BEGIN
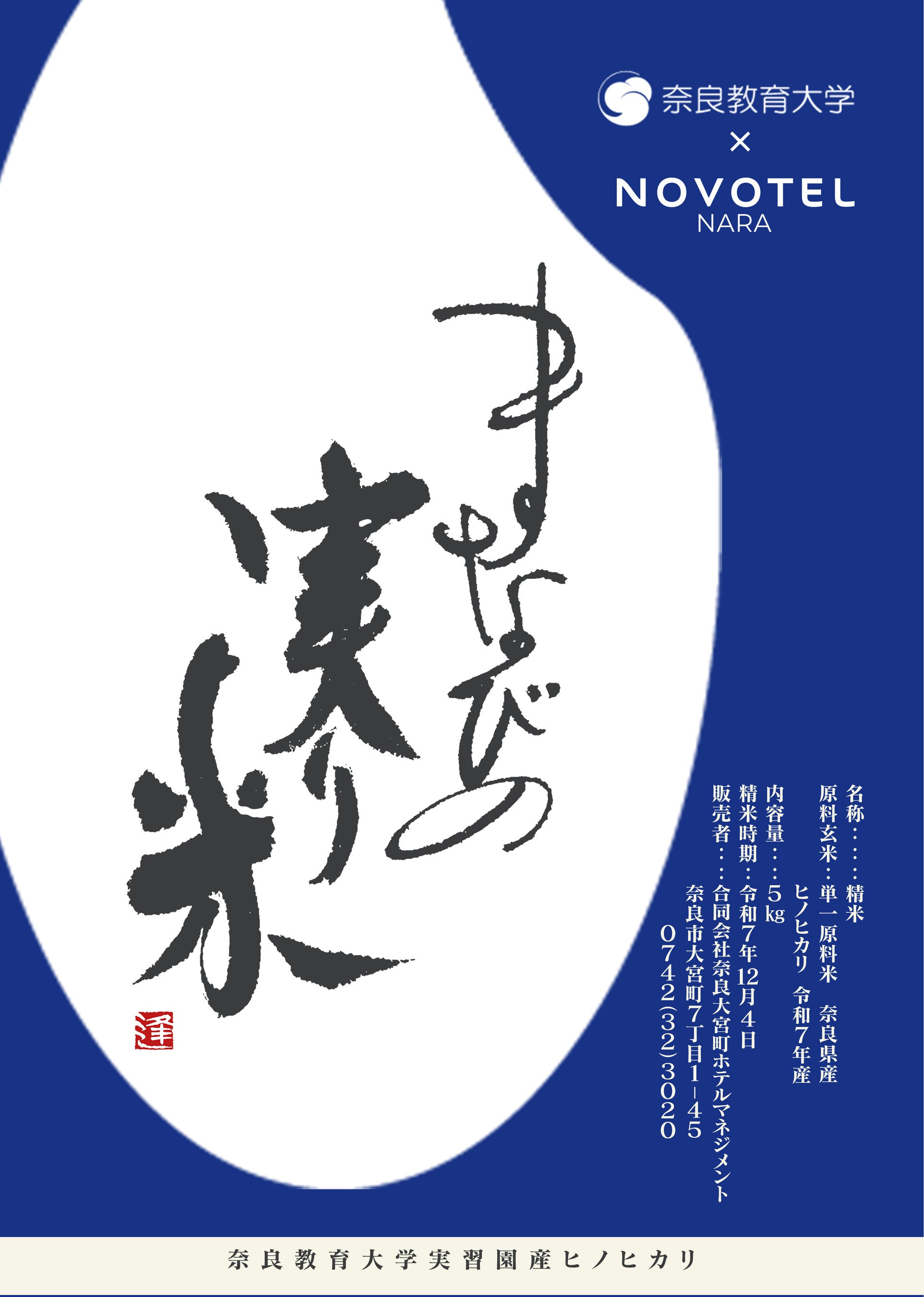 この度、合同会社奈良大宮町ホテルマネジメント(以下、ノボテル奈良。所在地:奈良市大宮町7丁目1番45号、総支配人:戒田 真)は、令和7年12月3日に開業1周年を記念し、国立大学法人 奈良国立大学機構 奈良教育大学(以下、奈良教育大学。所在地:奈良市高畑町、学長:宮下俊也)と連携した米「なっきょん×ノボテル奈良 まなびの実り米」(奈良教育大学実習園産ヒノヒカリ)付きふるさと納税宿泊プラン、およびお米のみの購入プランを奈良市ふるさと納税返礼品として受付開始いたしました。併せて開催した記者発表会は、おかげさまで盛況のうちに終了しましたことをご報告申し上げます。
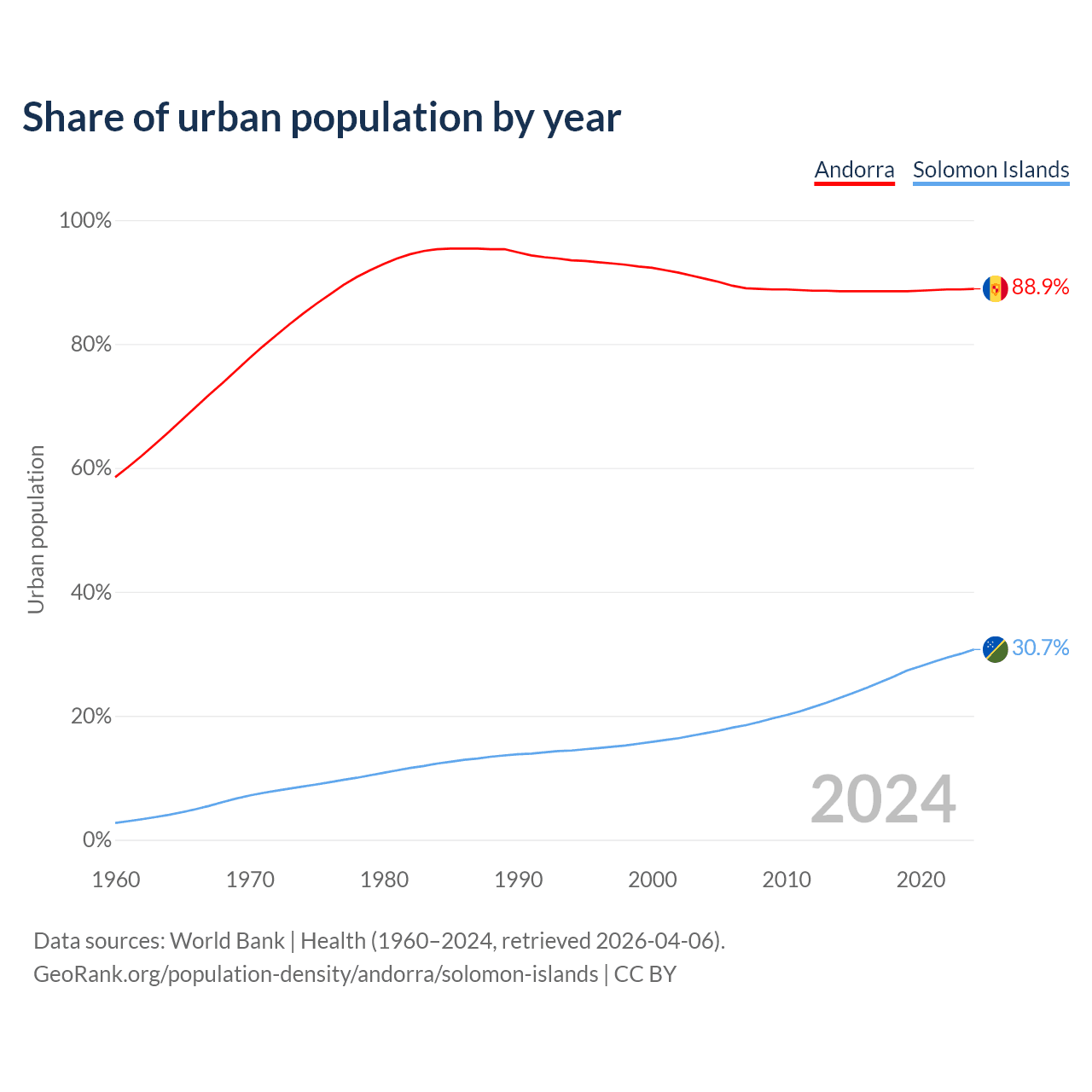 From 2004 to 2024, the share of urban population changed from 90.5% to 88.9% in Andorra and from 17.2% to 30.7% in the Solomon Islands.
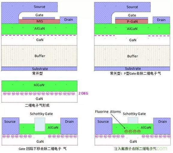 2、GaN和AlGaN異質(zhì)結(jié)內(nèi)在的產(chǎn)生導(dǎo)電的二維電子氣,常開型GaN器件通常稱為耗盡型GaN功率晶體管,必須在Gate加上反壓,才能將Gate下面AlGaN層中的二維電子氣去除,從而將器件關(guān)斷。這種常開型器件在應(yīng)用中會產(chǎn)生許多問題,因此不太適合實(shí)際的應(yīng)用。
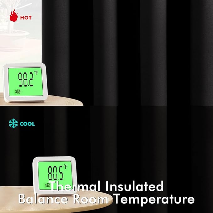 - High-Quality Material: Crafted from high-quality 225GSM polyester fabric, these curtains offer enhanced durability and elegant drape. The soft blackout material features triple-layer weaving technology, with a middle layer of black yarn for superior light blocking and privacy. Both sides feature the same refined color, ensuring a seamless look that elevates your home’s aesthetic with understated sophistication
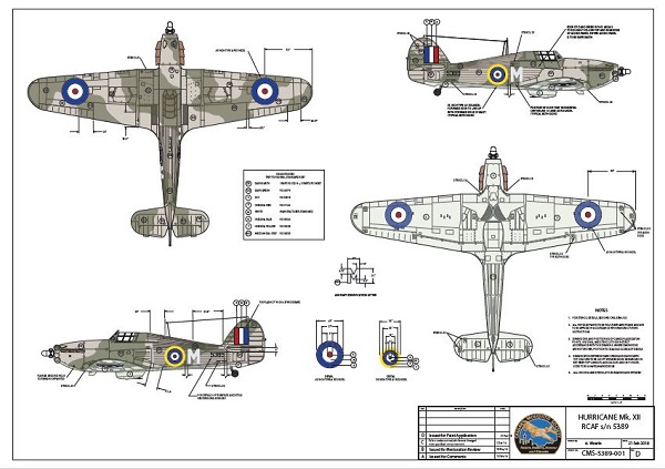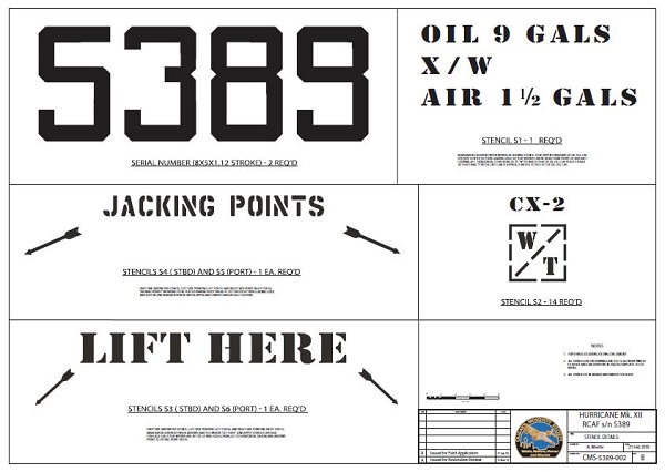Here is the paint scheme and the character shapes and sizing for Hurricane 5389. Colours shown are not representative of the actual 'Dark Earth, Dark Green and Underside Sky'.
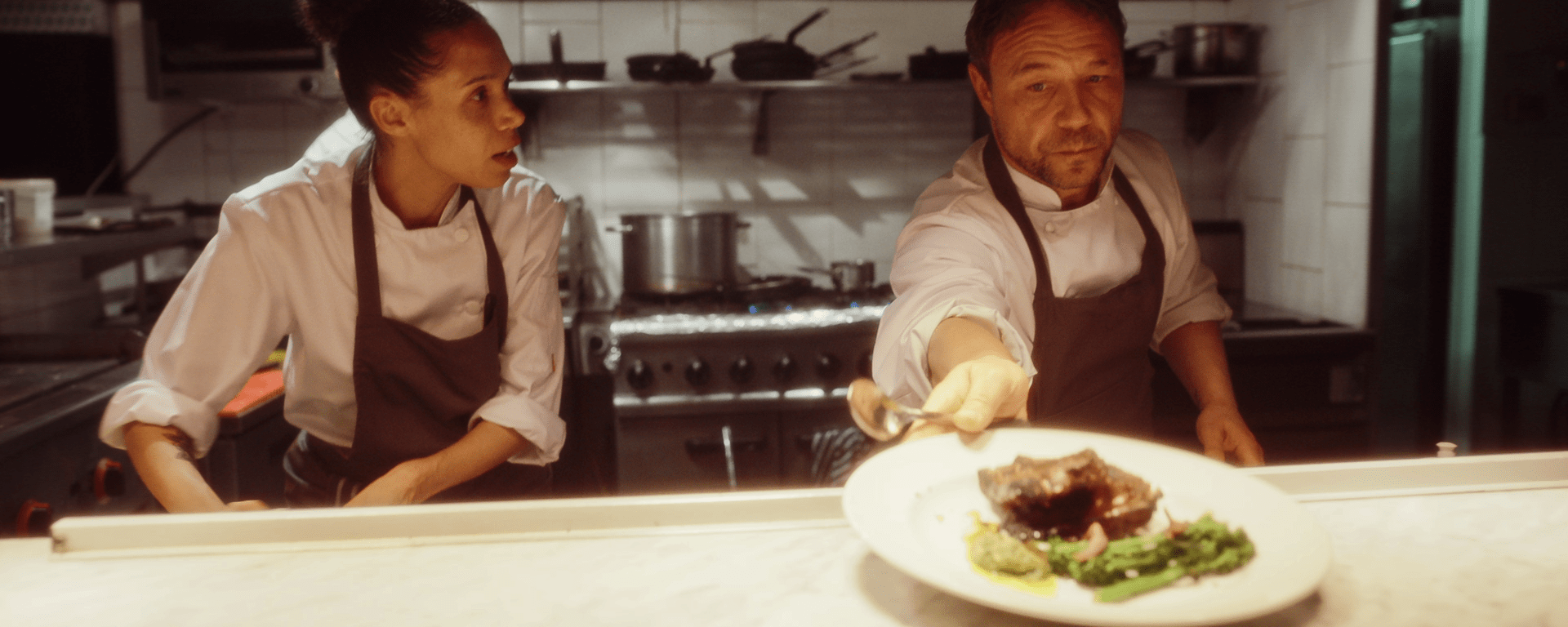 Como entrante, un revuelto; un inspector de sanidad ha aparecido por sorpresa y comunica la bajada de la calificación del restaurante, faltan productos en cocina, el comedor va a estar más lleno de lo habitual, esa noche habrá una pedida de mano y un antiguo compañero chef (ahora celebridad televisiva) de Andy ha reservado una mesa para la cena. La velada no va a ser tranquila, desde luego. Como plato principal, el cordero (debe estar rosado, pero se pide un poco más hecho, no hay que cocinarlo de más, pues no permitirá disfrutar correctamente los sabores de la carne). El desastre. El centro de la película lo ocupan los peligrosos niveles de estrés laboral, la presión a cubrir las expectativas de un número excesivo de clientes —improcedentes y ridículas o demasiado altas. Como postre, una crema de limón un poco agria; los problemas se van cerrando pero la acidez rebrota en el final de la cinta. La cinta aprovecha el guion al máximo en un menú de tres platos y lleva a su protagonista, como una olla a presión sin atención y cuidado adecuados, a acabar sobrepasado tras alcanzar el punto de ebullición.
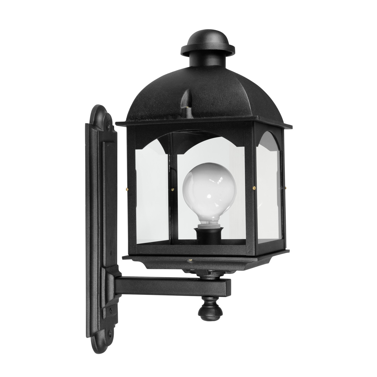 Farol con brazo recto para aplicar en pared, fabricado en fundición de aluminio y vidrio transparente
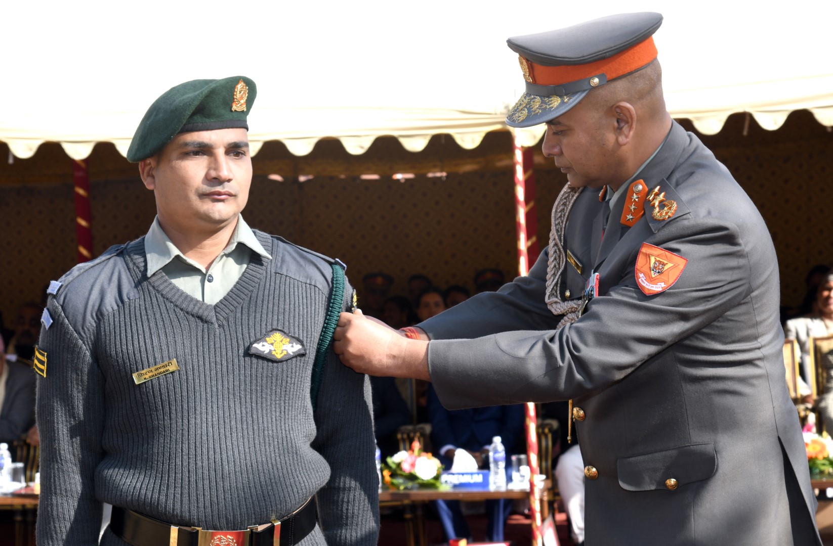 विशेष कार्यक्रममा महानिरीक्षक राजु अर्यालले वर्षभर नागरिकको सेवा, सुरक्षा र सहयोग र उद्वारमा उत्कृष्ट कार्य गर्न सफल ‘वर्ष जवान २०८१’ घोषित सशस्त्र प्रहरी बल नेपाल नम्बर ३३ त्रियुगा गण जुम्ला दरबन्दी भई नम्बर ६ महेश्वरी बाहिनी मुख्यालय सुर्खेतमा कार्यरत सशस्त्र प्रहरी सहायक हवल्दार किरण बहादुर भण्डारीलाई ‘वर्ष जवान’को ट्याग प्रदान गरे ।
END
Write the lines above out again exactly, excluding every picture.

Worked solution -
 この度、合同会社奈良大宮町ホテルマネジメント(以下、ノボテル奈良。所在地:奈良市大宮町7丁目1番45号、総支配人:戒田 真)は、令和7年12月3日に開業1周年を記念し、国立大学法人 奈良国立大学機構 奈良教育大学(以下、奈良教育大学。所在地:奈良市高畑町、学長:宮下俊也)と連携した米「なっきょん×ノボテル奈良 まなびの実り米」(奈良教育大学実習園産ヒノヒカリ)付きふるさと納税宿泊プラン、およびお米のみの購入プランを奈良市ふるさと納税返礼品として受付開始いたしました。併せて開催した記者発表会は、おかげさまで盛況のうちに終了しましたことをご報告申し上げます。
 From 2004 to 2024, the share of urban population changed from 90.5% to 88.9% in Andorra and from 17.2% to 30.7% in the Solomon Islands.
 2、GaN和AlGaN異質(zhì)結(jié)內(nèi)在的產(chǎn)生導(dǎo)電的二維電子氣,常開型GaN器件通常稱為耗盡型GaN功率晶體管,必須在Gate加上反壓,才能將Gate下面AlGaN層中的二維電子氣去除,從而將器件關(guān)斷。這種常開型器件在應(yīng)用中會產(chǎn)生許多問題,因此不太適合實(shí)際的應(yīng)用。
 - High-Quality Material: Crafted from high-quality 225GSM polyester fabric, these curtains offer enhanced durability and elegant drape. The soft blackout material features triple-layer weaving technology, with a middle layer of black yarn for superior light blocking and privacy. Both sides feature the same refined color, ensuring a seamless look that elevates your home’s aesthetic with understated sophistication
Here is the paint scheme and the character shapes and sizing for Hurricane 5389. Colours shown are not representative of the actual 'Dark Earth, Dark Green and Underside Sky'.
 Como entrante, un revuelto; un inspector de sanidad ha aparecido por sorpresa y comunica la bajada de la calificación del restaurante, faltan productos en cocina, el comedor va a estar más lleno de lo habitual, esa noche habrá una pedida de mano y un antiguo compañero chef (ahora celebridad televisiva) de Andy ha reservado una mesa para la cena. La velada no va a ser tranquila, desde luego. Como plato principal, el cordero (debe estar rosado, pero se pide un poco más hecho, no hay que cocinarlo de más, pues no permitirá disfrutar correctamente los sabores de la carne). El desastre. El centro de la película lo ocupan los peligrosos niveles de estrés laboral, la presión a cubrir las expectativas de un número excesivo de clientes —improcedentes y ridículas o demasiado altas. Como postre, una crema de limón un poco agria; los problemas se van cerrando pero la acidez rebrota en el final de la cinta. La cinta aprovecha el guion al máximo en un menú de tres platos y lleva a su protagonista, como una olla a presión sin atención y cuidado adecuados, a acabar sobrepasado tras alcanzar el punto de ebullición.
 Farol con brazo recto para aplicar en pared, fabricado en fundición de aluminio y vidrio transparente
 विशेष कार्यक्रममा महानिरीक्षक राजु अर्यालले वर्षभर नागरिकको सेवा, सुरक्षा र सहयोग र उद्वारमा उत्कृष्ट कार्य गर्न सफल ‘वर्ष जवान २०८१’ घोषित सशस्त्र प्रहरी बल नेपाल नम्बर ३३ त्रियुगा गण जुम्ला दरबन्दी भई नम्बर ६ महेश्वरी बाहिनी मुख्यालय सुर्खेतमा कार्यरत सशस्त्र प्रहरी सहायक हवल्दार किरण बहादुर भण्डारीलाई ‘वर्ष जवान’को ट्याग प्रदान गरे ।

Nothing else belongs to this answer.